Now, the Academy Awards rarely capture everything great in a given year. How can they? They often pick the wrong winner and most Best Picture award winners are forgotten within a few years after they are released.
However, it's rarely the case that the nominees within a given category are valueless. Award shows can still be used as a benchmark for the best that film can achieve.
As much as conservatives bitch about how movies aren't good anymore, 2022 featured some incredible films - many of which were recognized by the Academy for their brilliance.
And as much as Hollywood tries otherwise, many great right wing movies are likely to win Oscars.
So here's my objectively correct picks for some of the winners of the 95th Academy Awards.
BANSHEES OF INISHERIN
Kerry Condon Should Win Best Supporting Actress
The other Best Supporting Actress nominees don't hold a candle to the performance by Kerry Condon in Banshees of Inisherin. Her exasperation at the ridiculousness of the village around her. Her loneliness and longing for change. But she's never the Lisa Simpson of the movie. She's the quiet heart of it.

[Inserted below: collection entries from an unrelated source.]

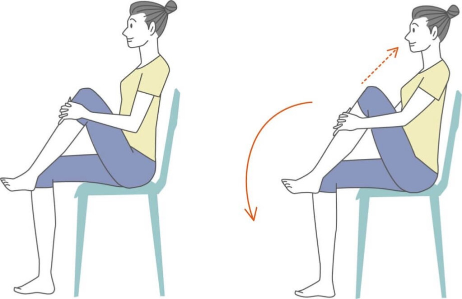 椅子に座った状態で片膝を後ろに引き、股関節の前を伸ばすストレッチが効果的。
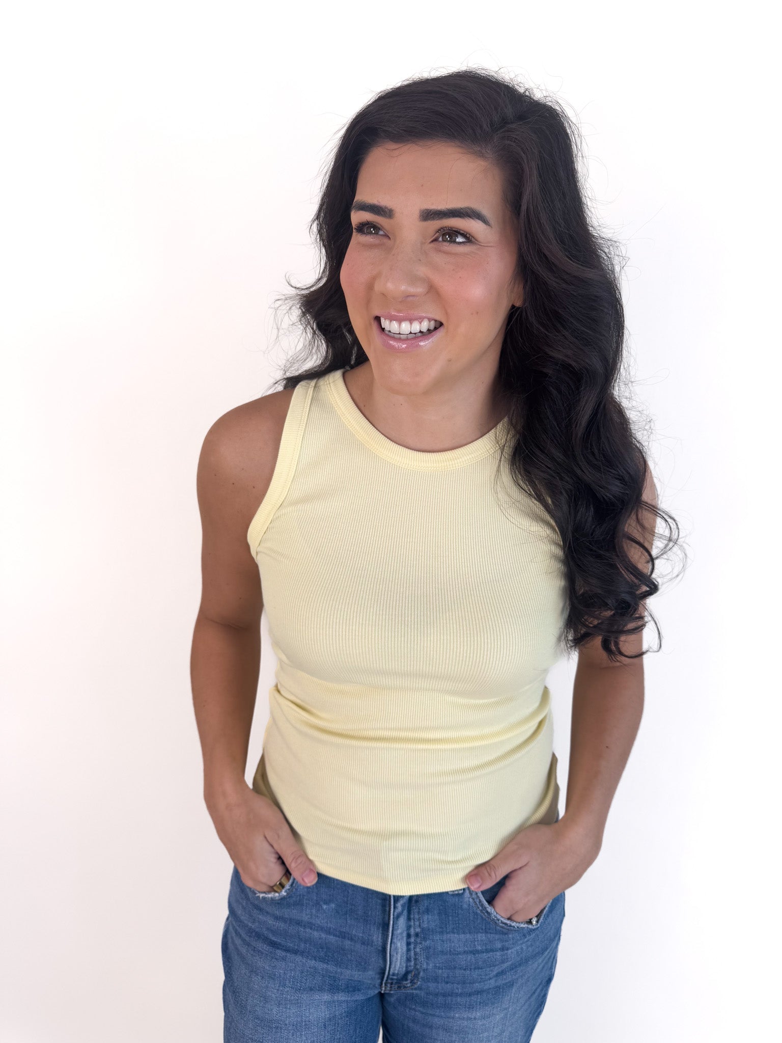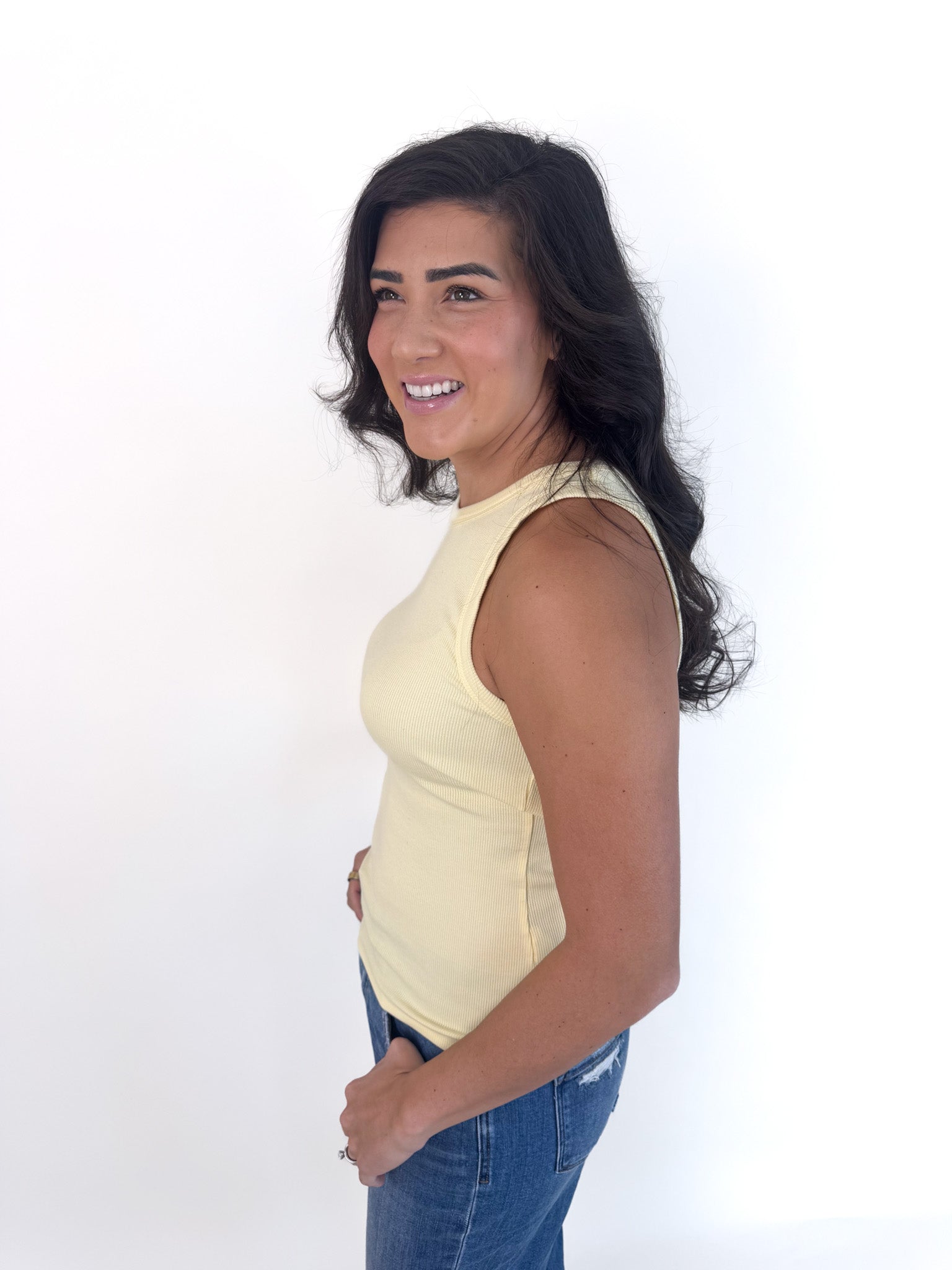 The Thread & Supply® Edlin Sleeveless Tank is a versatile layering piece designed with a soft ribbed knit and a classic crew neckline. Its modest fit makes it perfect for pairing under cardigans, jackets, or button-downs, while also standing on its own with denim or flowy skirts. A timeless essential, it’s the go-to base for effortless, everyday styling through every season.
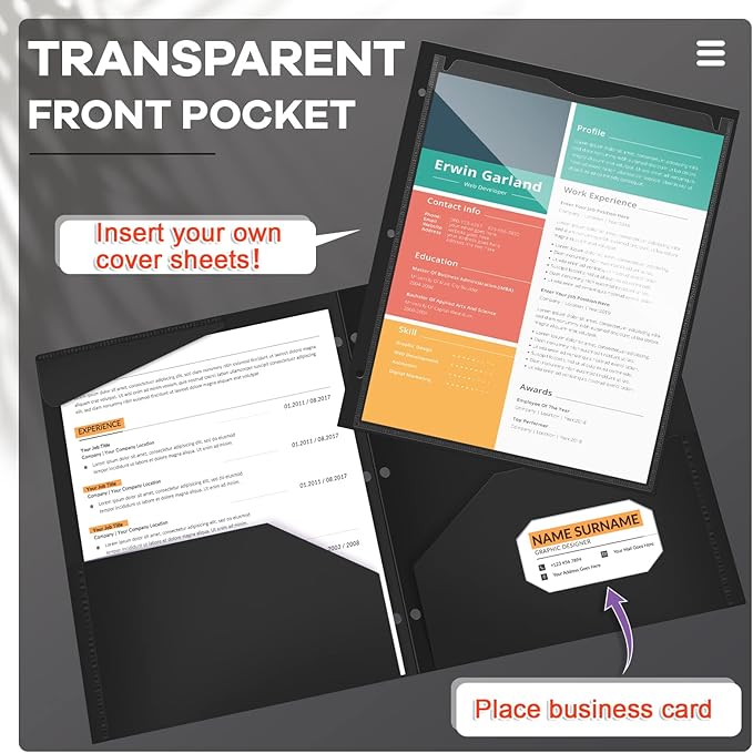 - Easy Organization: each plastic pocket folder features with 3 holes in one side, which enables you to put it into a standard 3 ring binder to organize loose documents, and clear front pocket of each folder help to store other items, giving you a comfortable using experience

Hong Chau was melodramatic and infuriating in The Whale. My apologies to Angela Bassett, but no Marvel movie should be nominated for anything but technical awards (if even those). Stephanie Hsu was fine in Everything Everywhere All at Once and no better than just fine. Jamie Lee Curtis only got nominated for her role in Everything Everywhere All at Once because she's the most famous person in that damn movie.

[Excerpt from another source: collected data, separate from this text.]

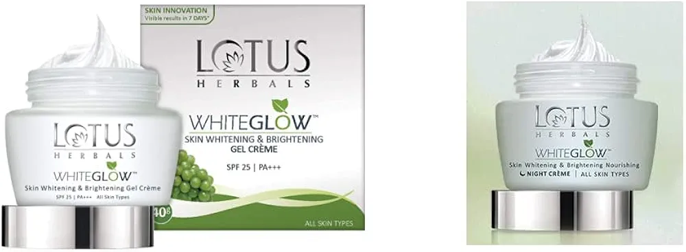 Lotus Herbals Whiteglow Skin Whitening & Brightening Gel Cream, SPF-25, 40g & White Glow Skin Whitening & Brightening Nourishing Night Creme, 60g
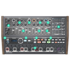 Διαθέτει φίλτρο πολλαπλών επιλογών προσομοίωσης (MS-20/Polysix/HPF κ.α), arpeggiator, pitch, modulation wheels, vector joystick και ενσωματωμένη μονάδα εφέ.
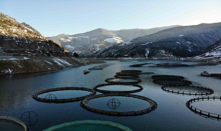 Torul Barajı’nda bulunan çiftliklerinde yetişen Gökkuşağı alabalıklarının deniz çiftliklerinde ihracata hazır hale gelmesinin ardından yaklaşık 410 milyon dolarlık bir ihracat rakamı ile farklı ülkelere gönderildiğini ifade eden Su Ürünleri Yüksek Mühendisi Ahmet Bingöl, “Gümüşhane Torul Baraj Gölü’nde yaklaşık 500 ton kapasiteli balık çiftliklerimiz var. Bu çiftliklerimizde 2 gram ağırlığındaki yavru Gökkuşağı alabalıklarımızı yılın 12 ayı boyunca yetiştirdikten sonra somon adayı olarak Vakfıkebir ve Arsin’de bulunan deniz çiftliklerimize gönderiyoruz. Burada da 3-4 kilo ağırlığa ulaşınca somon olarak yurtdışına ihracatlarını gerçekleştiriyoruz. Daha çok Rusya’ya ihraç ediyoruz, Japonya, Şili ve yeni pazar olarak Çin’e ihraç etmeyi düşünüyoruz. Burada bu yıl yaklaşık 350 ton bir balık yetiştirdik, deniz çiftliklerimizde büyüme ağırlıklarını da hesaba katarsak yaklaşık 2 bin ton bir ihracatımız olacak. Ocak ve Ekim aylarında yaklaşık 70 bin ton somon ihracatı yapıldı. Bu da 410 milyon dolar ihracat anlamına geliyor. Bu yıl da 70-80 bin ton üretim bekliyoruz İnşallah daha fazlası da olacak. Denizi olmayan Gümüşhane’den Japonya, Çin, Şili ve Rusya’ya balık ihracatı yapıyoruz” dedi.

Should she win (and she should), Kerry Condon will forever have an undeserved asterisks next to her name to signify "no contest".
Brendan Gleeson Should Win Best Supporting Actor
This is a category with some stiff competition.
Judd Hirsch is only in one scene in The Fablemans, but has the presence of a hurricane. Shortround was a revelation in Everything Everywhere All at Once. In Causeway, Brian Tyree Henry made Jennifer Lawr- (Editor's Note: It has come to my attention that Wes did NOT actually see Causeway and for legal reasons I am removing the heinous and potentially libelous "jokes" about Jennifer Lawrence's connection to "The Fappening")
Now Banshees of Inisherin was nominated for two Best Supproting Actors. Brendan Gleeson and that weird looking Irish Kid (the "WLIK") that was in Dunkirk and is apparently going to be The Joker in Matt Reeves' new Batman Trilogy.
Now, the WLIK was hilariously heartbreaking as the village idiot in Banshees. You really feel the confusion and desperation for love in every scene. "Well, there goes that dream" is a line I think about often. His delivery is haunting.
However, Brendan Gleeson as Colm in Banshees of Inisherin is the winner here.
Gleeson is able to balance the feelings of general despair, fear of aging, and simplistic arrogance all at once. There's a gravitas to his dialogue but Gleeson allows you to see the emptiness of his words if you're paying attention. He is fully invested in being a man so desperate for any change that he'd cut off his own fingers just to feel something different.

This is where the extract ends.